I have a domain indiepaper.me, I have created a deployment and added A and AAA records to the correct ip addresses. I also created a certificate for the domain in my app, but it was not working so I switched off cloudflare proxy for it to work. Can I turn it back on after the certificate gets issued ?
Cloudflare allows a few different security settings for its proxy. If you had it set to ‘Full (Strict)’, it would expect a valid certificate on the server side. Once it’s issued, that mode should work, otherwise you could use ‘Full’ which allows untrusted certificates.
The certificate we issued for that domain is only good for 3 months, so it will work until it needs to renew. You can do DNS validation following the instructions in our UI to let us renew it even while it’s routed through CloudFlare.
You might also be able to create a CNAME record to
<app>.fly.dev, assuming CloudFlare will use the
<app>.fly.dev hostname/certificate when it connects.

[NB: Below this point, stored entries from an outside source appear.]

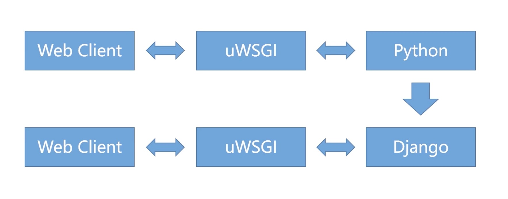 - Django runserver 可以直接对外服务,但是只用于测试,不安全且性能较差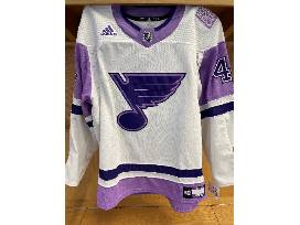 Bid on #48 Scott Perunovich's warm-up worn Hockey Fights Cancer jersey from warm-ups of the Blues vs. Vegas Golden Knights game on November 22, 2021.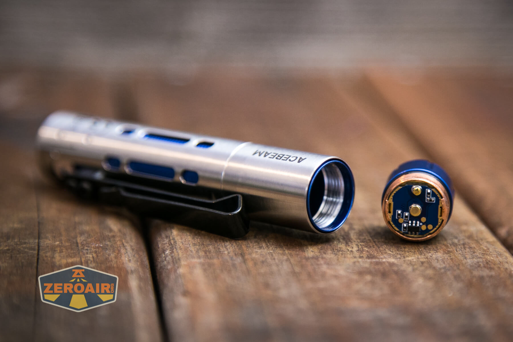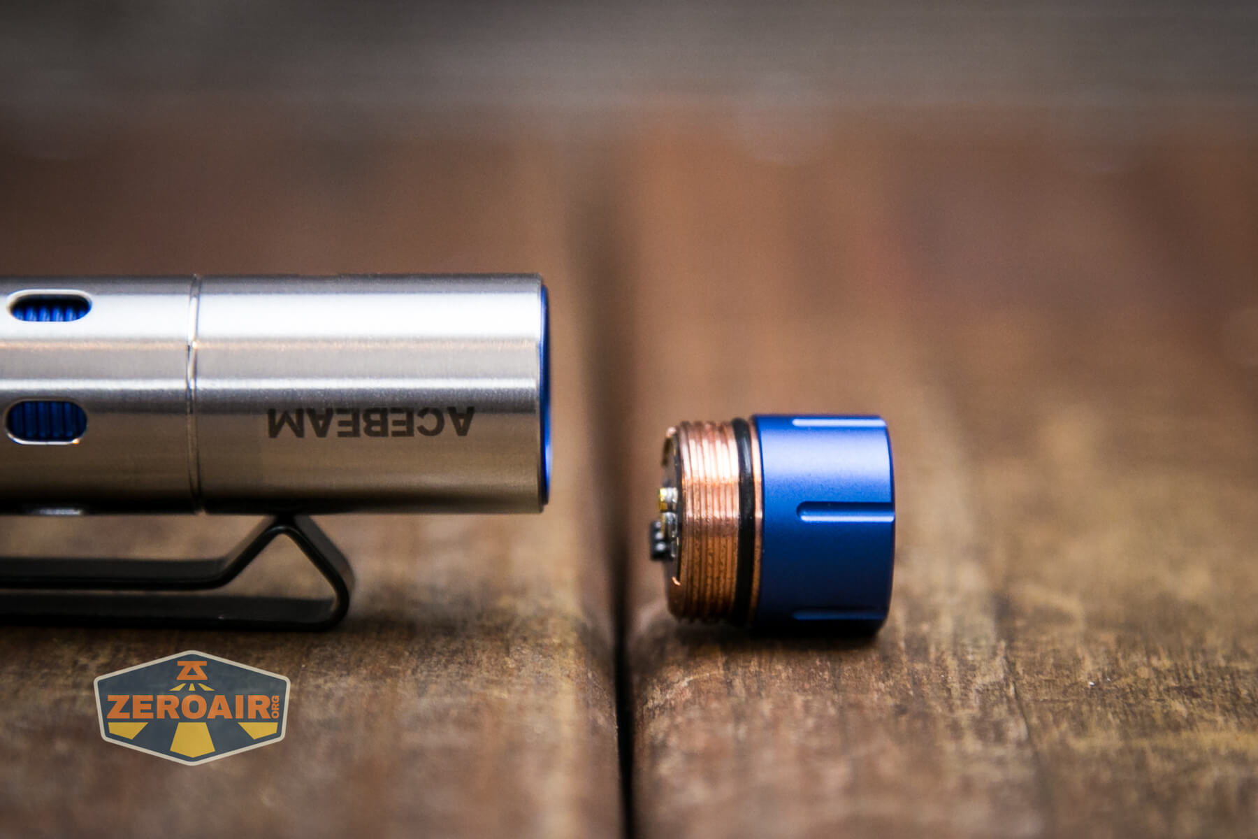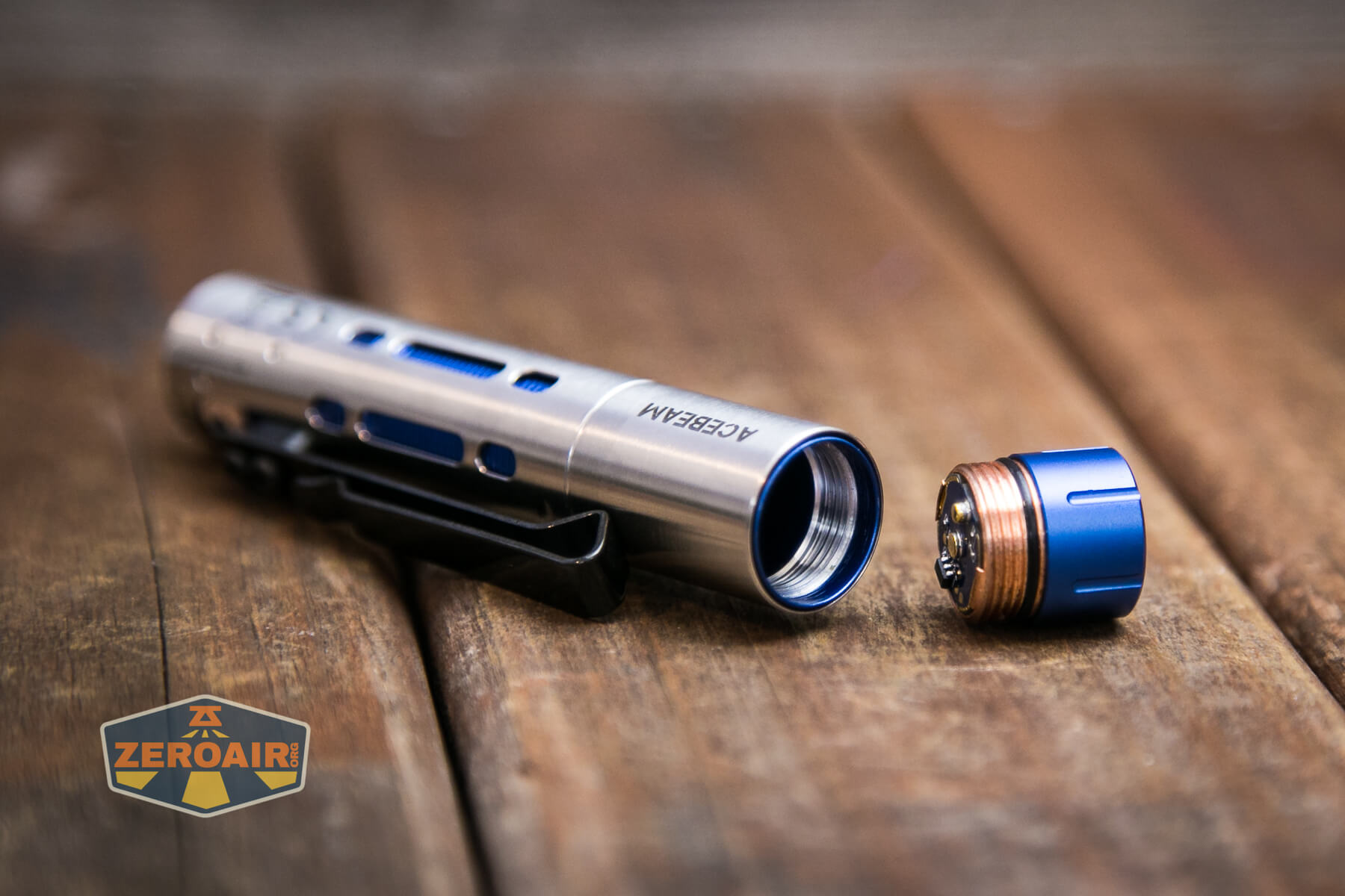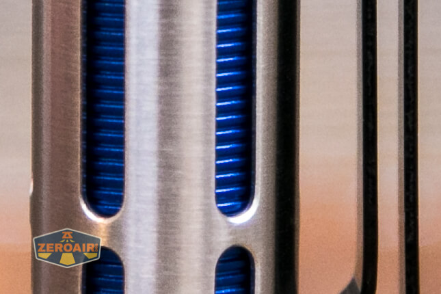 Build quality on the Acebeam Rider RX flashlight is great, as you’d probably expect from Acebeam. The outer shell (the silvery part) is made of stainless steel. That blue inner sleeve is aluminum. There are also copper parts in here.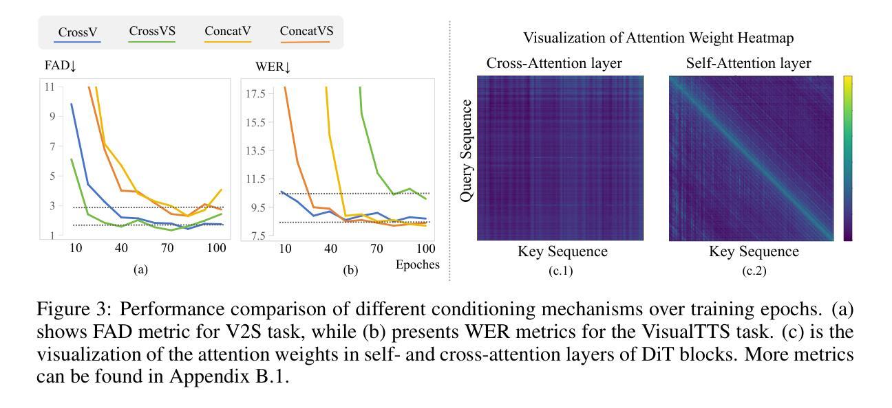 视频条件的声音和语音生成,包括视频到声音(V2S)和视觉文本到语音(VisualTTS)任务,传统上被视为单独的任务,并且在统一框架内对其进行探索的尝试有限。最近尝试将V2S和VisualTTS统一起来,在处理不同的条件类型(例如,不同的视频和文本条件)方面面临挑战,并且需要复杂的训练阶段。统一这两个任务仍然是一个悬而未决的问题。为了弥合这一差距,我们提出了VSSFlow,它无缝地将V2S和VisualTTS任务集成到一个统一的流匹配框架中。VSSFlow使用了一种新型的条件聚合机制来处理不同的输入信号。我们发现,在引入条件的过程中,跨注意力和自注意力层表现出不同的归纳偏置。因此,VSSFlow利用这些归纳偏置来有效地处理不同的表示形式:跨注意力用于模糊的视频条件,自注意力用于更确定的语音文本。此外,与我们普遍认为的联合训练这两个任务需要复杂的训练策略并可能降低性能相反,我们发现VSSFlow受益于声音和语音生成的端到端联合学习过程,而无需在训练阶段进行额外设计。详细分析将其归因于任务之间学到的共享通用音频先验,这加速了收敛,增强了条件生成,并稳定了无分类器指导过程。大量实验表明,VSSFlow超越了V2S和VisualTTS基准测试领域的最新技术,突显出统一生成模型的关键潜力。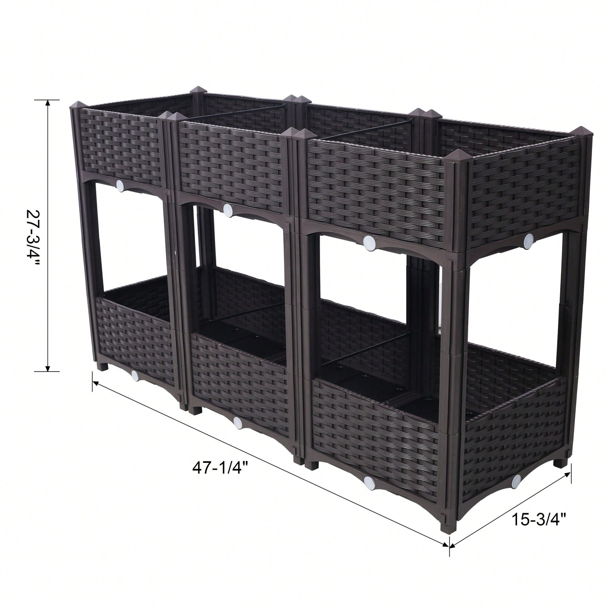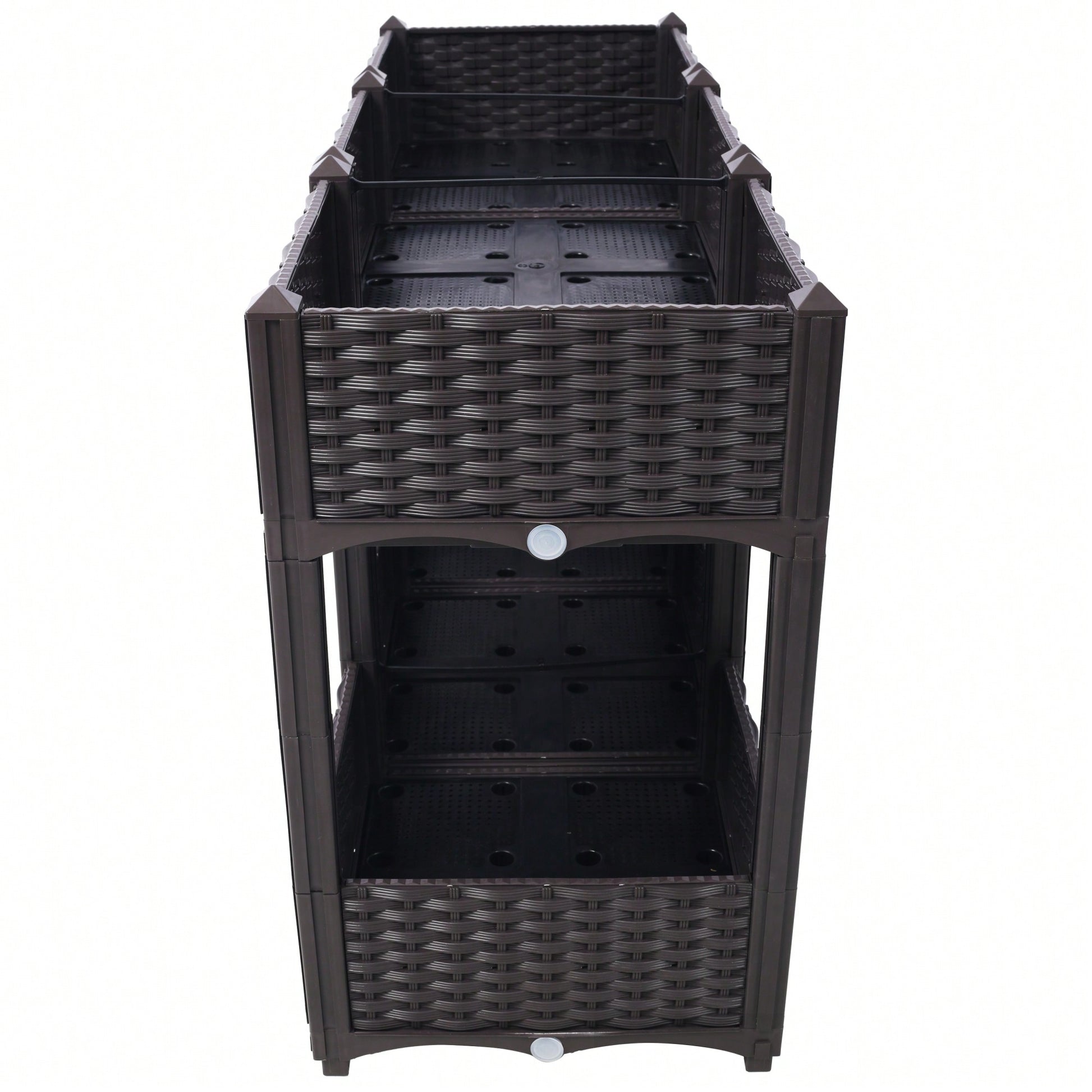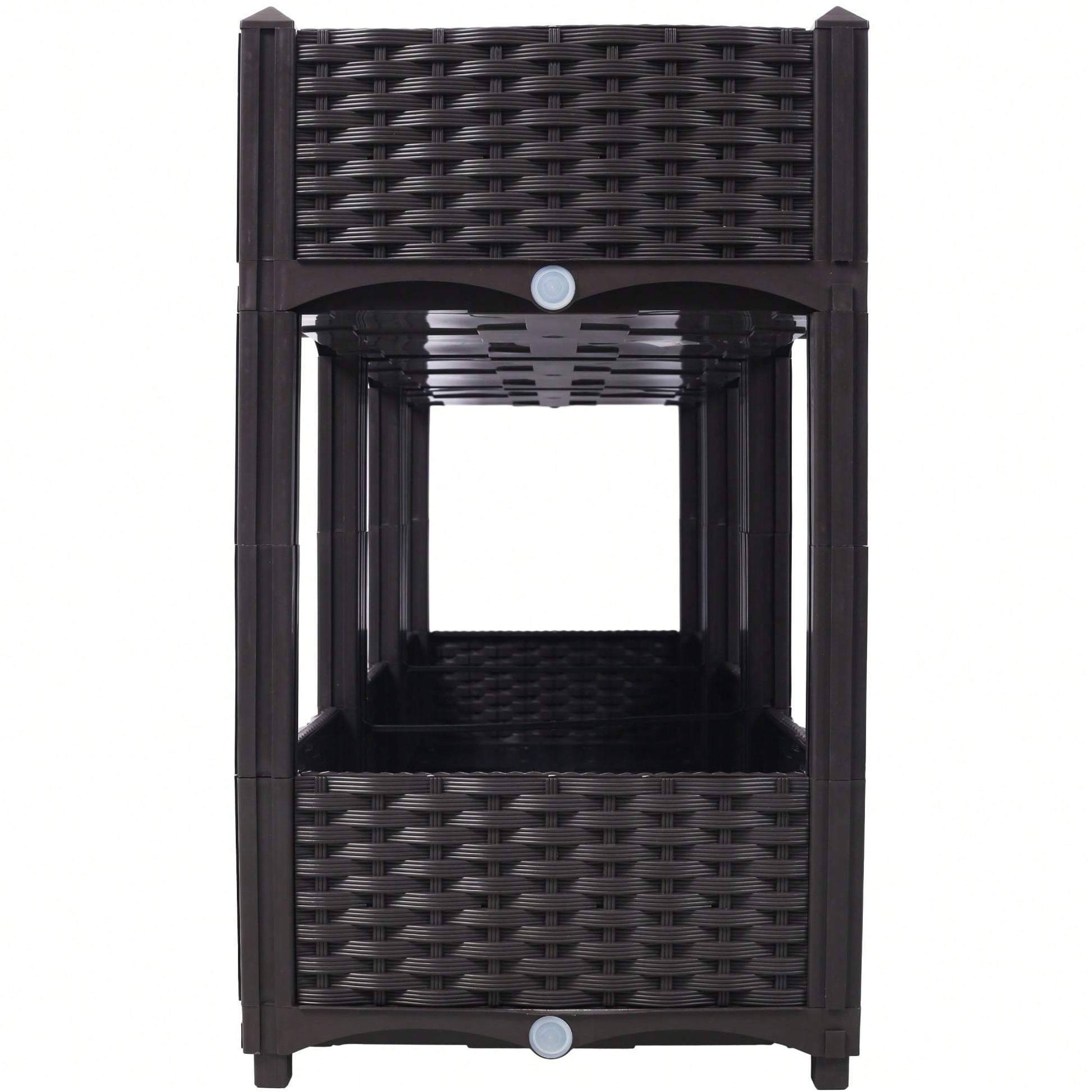 This elevated planter box combines functionality with style, making it a perfect addition to your outdoor or indoor gardening setup. Constructed from durable and lightweight material, the attractive rattan-patterned design not only adds aesthetic appeal but also ensures longevity. The self-draining system features a drainage hole at the bottom, allowing you to manage excess water easily while retaining moisture when needed. Its modular design means you can personalize your gardening space-add or remove legs and arrange them in ways that fit your space perfectly. The raised height of these planters offers numerous advantages, including protection from weeds, animals, and easier access for those with mobility challenges. Assembly is quick and simple, and the waterproof surface allows for hassle-free cleaning, making it a practical choice for patios, balconies, cafes, and more.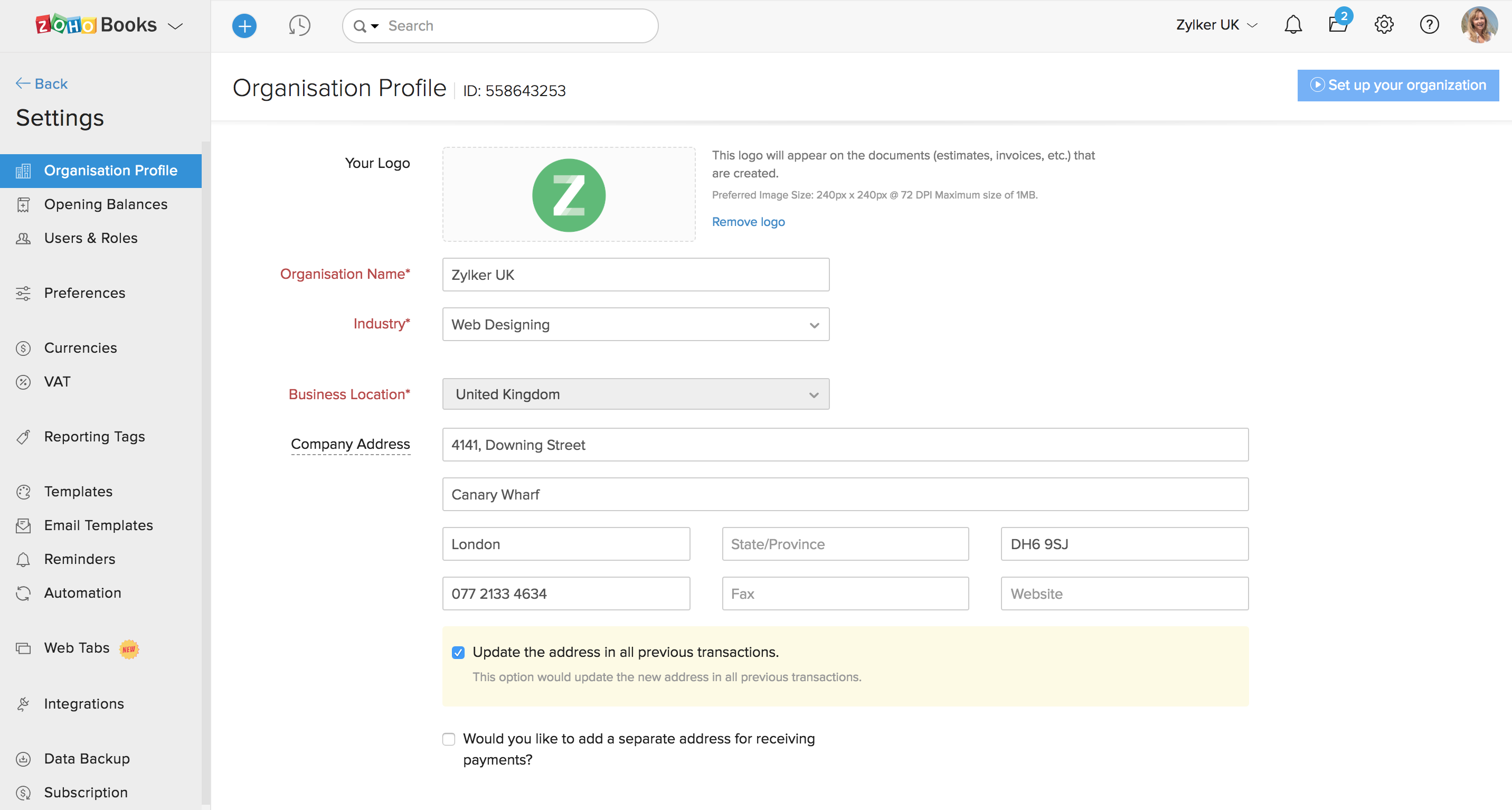 Now that you have the required data ready to import, you can start setting up your Zoho Books organization. After you sign up to Zoho Books, you have to fill up your organization’s details. To do this: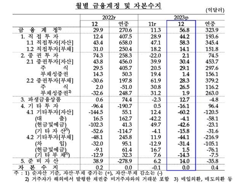 지난해 12월 금융계정 순자산은 56억8천만 달러 늘었다.

I couldn’t find a way to use that CNAME in Cloudflare, as it looks like it uses the incoming request hostname when connecting to the origin. I know that Fastly does allow overriding the Host header for these situations.
I found some info here, but this requires using their load balancer. https://blog.cloudflare.com/per-origin-host-header-override
I fixed it the following way,
- Setup Domain in Cloudflare
- Setup Fly Ip addresses in Cloudflare
- Setup Cloudflare as Full SSL Mode
- Make records pass through only
- Generate Certificates
- Turn DNS Proxy back on
Since Fly needs to verify the ip address during certificate issue, I think this would pose a problem when the certificate expires. Is there any way to mitigate this, would setting up that optional CNAME for ACME verification help ?
DNS acme validation will work, yes. We’ll keep certs fresh when dns verification is in place.
Could you possibly add a flag such as
flyctl certs check --without-dns-verification for those who have set up cloudflare to work properly with letsencrypt (i.e. a page rule with
I tried your solution, to add A/AAAA ips with CF Proxy off, to gen certs (for api.mysite.com) then turn back on CF Proxying, but it doesn’t work after CF Proxies turn back on.
Trying to use a CName to see what happens, could that work with CF Proxy on? Otherwise looks like I can’t use CF and Fly together, need to turn off proxy for A/AAAA addresses.